• [Your assignment]: Using the data below, return word for word every line from the one holding "あすの6日目の相手は今場所、" down to the one holding "뿐만 아니라 사료의 성분을". Leave pictures out.

┌─ Recorded data

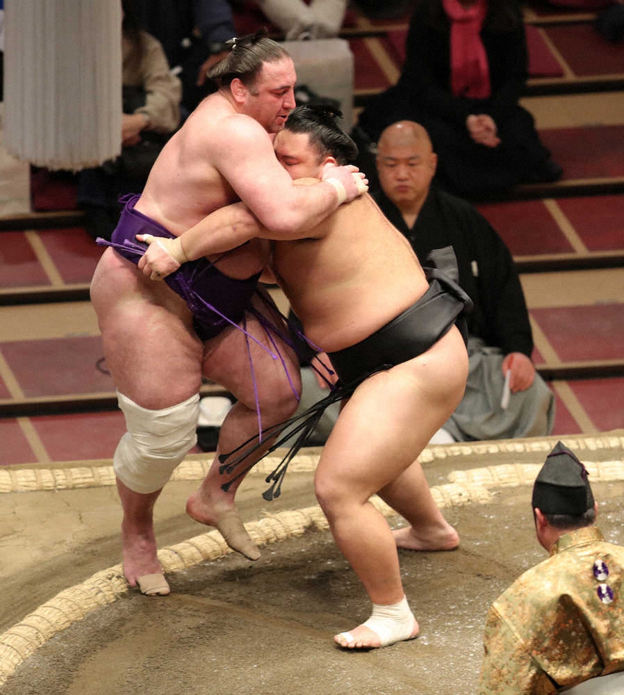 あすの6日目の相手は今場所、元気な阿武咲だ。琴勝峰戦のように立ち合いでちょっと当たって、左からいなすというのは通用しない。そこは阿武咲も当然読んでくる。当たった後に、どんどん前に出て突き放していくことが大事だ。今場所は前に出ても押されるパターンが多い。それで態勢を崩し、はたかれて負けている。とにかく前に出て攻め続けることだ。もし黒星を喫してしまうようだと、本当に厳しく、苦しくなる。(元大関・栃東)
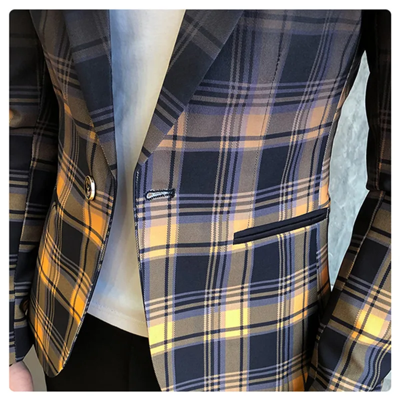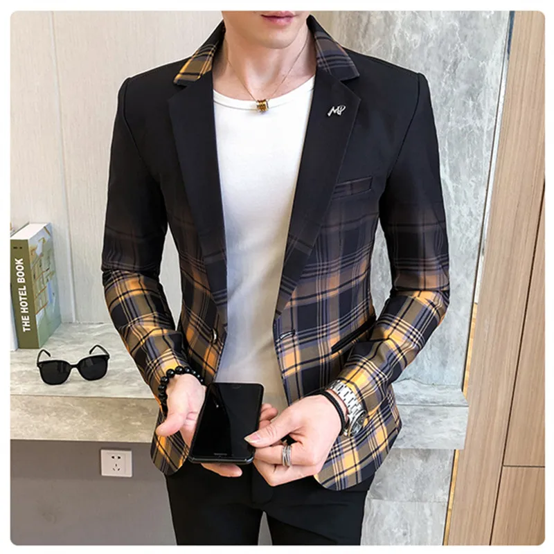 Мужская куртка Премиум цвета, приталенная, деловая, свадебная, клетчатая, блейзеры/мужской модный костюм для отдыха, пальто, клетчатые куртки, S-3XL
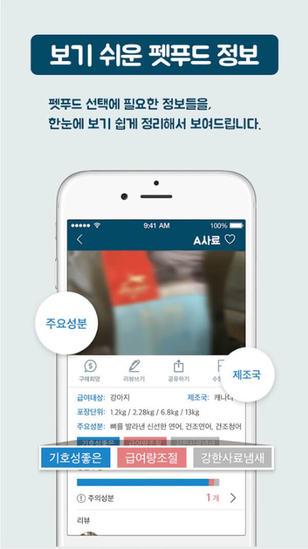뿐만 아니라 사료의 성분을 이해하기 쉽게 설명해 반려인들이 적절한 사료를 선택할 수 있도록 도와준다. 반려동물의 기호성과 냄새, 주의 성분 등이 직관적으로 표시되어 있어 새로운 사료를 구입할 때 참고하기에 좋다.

└─
┌─ Recorded data

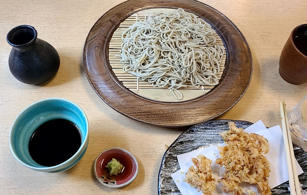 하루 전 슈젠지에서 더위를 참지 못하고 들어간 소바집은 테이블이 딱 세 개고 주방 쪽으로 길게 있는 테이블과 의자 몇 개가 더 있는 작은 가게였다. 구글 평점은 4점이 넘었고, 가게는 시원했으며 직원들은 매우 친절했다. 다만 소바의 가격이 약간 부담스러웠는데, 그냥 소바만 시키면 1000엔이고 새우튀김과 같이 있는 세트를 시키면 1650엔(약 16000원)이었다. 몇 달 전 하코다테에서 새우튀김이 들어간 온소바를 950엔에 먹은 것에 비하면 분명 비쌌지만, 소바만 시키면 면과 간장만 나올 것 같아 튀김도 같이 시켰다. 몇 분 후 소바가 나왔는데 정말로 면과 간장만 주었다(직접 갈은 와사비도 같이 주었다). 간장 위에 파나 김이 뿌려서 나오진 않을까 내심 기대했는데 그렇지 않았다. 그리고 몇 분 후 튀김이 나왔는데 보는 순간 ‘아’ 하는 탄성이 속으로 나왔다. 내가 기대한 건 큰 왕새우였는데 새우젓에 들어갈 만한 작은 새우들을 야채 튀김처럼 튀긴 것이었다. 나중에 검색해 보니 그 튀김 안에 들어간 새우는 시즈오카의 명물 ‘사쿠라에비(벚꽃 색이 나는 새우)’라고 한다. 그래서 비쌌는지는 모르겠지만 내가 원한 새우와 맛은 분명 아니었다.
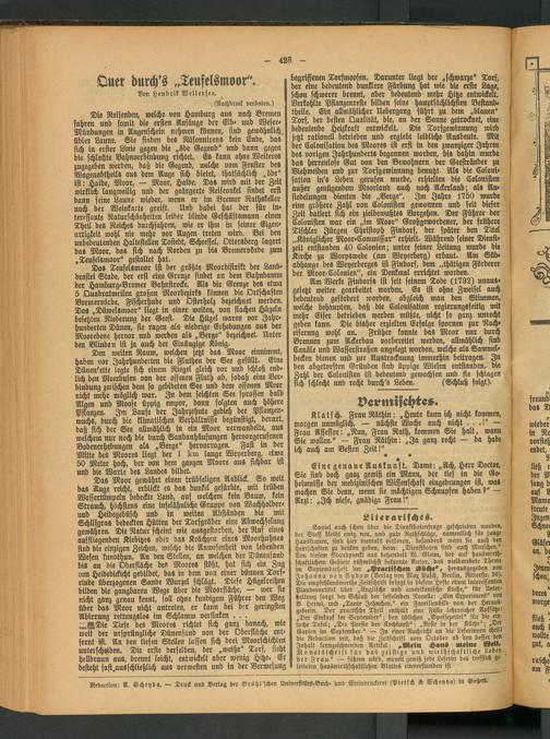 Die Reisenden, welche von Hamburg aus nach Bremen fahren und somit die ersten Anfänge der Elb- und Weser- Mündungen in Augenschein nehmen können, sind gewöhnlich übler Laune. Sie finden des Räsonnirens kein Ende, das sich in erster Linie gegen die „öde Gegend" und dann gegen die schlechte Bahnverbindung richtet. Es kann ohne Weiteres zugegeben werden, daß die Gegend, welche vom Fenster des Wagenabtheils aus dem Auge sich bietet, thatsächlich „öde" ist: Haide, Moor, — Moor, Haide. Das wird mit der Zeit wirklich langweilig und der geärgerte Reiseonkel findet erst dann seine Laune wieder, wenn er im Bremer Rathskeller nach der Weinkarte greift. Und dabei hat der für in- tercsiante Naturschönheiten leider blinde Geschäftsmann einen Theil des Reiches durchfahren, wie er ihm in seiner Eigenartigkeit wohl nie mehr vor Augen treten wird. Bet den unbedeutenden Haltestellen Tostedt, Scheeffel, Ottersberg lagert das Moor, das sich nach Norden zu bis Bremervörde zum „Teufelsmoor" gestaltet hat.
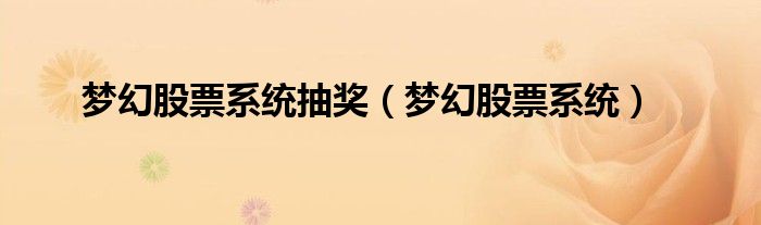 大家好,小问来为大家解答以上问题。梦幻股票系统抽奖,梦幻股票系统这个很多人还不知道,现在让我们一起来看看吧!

└─

• [Task solution]:
 あすの6日目の相手は今場所、元気な阿武咲だ。琴勝峰戦のように立ち合いでちょっと当たって、左からいなすというのは通用しない。そこは阿武咲も当然読んでくる。当たった後に、どんどん前に出て突き放していくことが大事だ。今場所は前に出ても押されるパターンが多い。それで態勢を崩し、はたかれて負けている。とにかく前に出て攻め続けることだ。もし黒星を喫してしまうようだと、本当に厳しく、苦しくなる。(元大関・栃東)
 Мужская куртка Премиум цвета, приталенная, деловая, свадебная, клетчатая, блейзеры/мужской модный костюм для отдыха, пальто, клетчатые куртки, S-3XL
뿐만 아니라 사료의 성분을 이해하기 쉽게 설명해 반려인들이 적절한 사료를 선택할 수 있도록 도와준다. 반려동물의 기호성과 냄새, 주의 성분 등이 직관적으로 표시되어 있어 새로운 사료를 구입할 때 참고하기에 좋다.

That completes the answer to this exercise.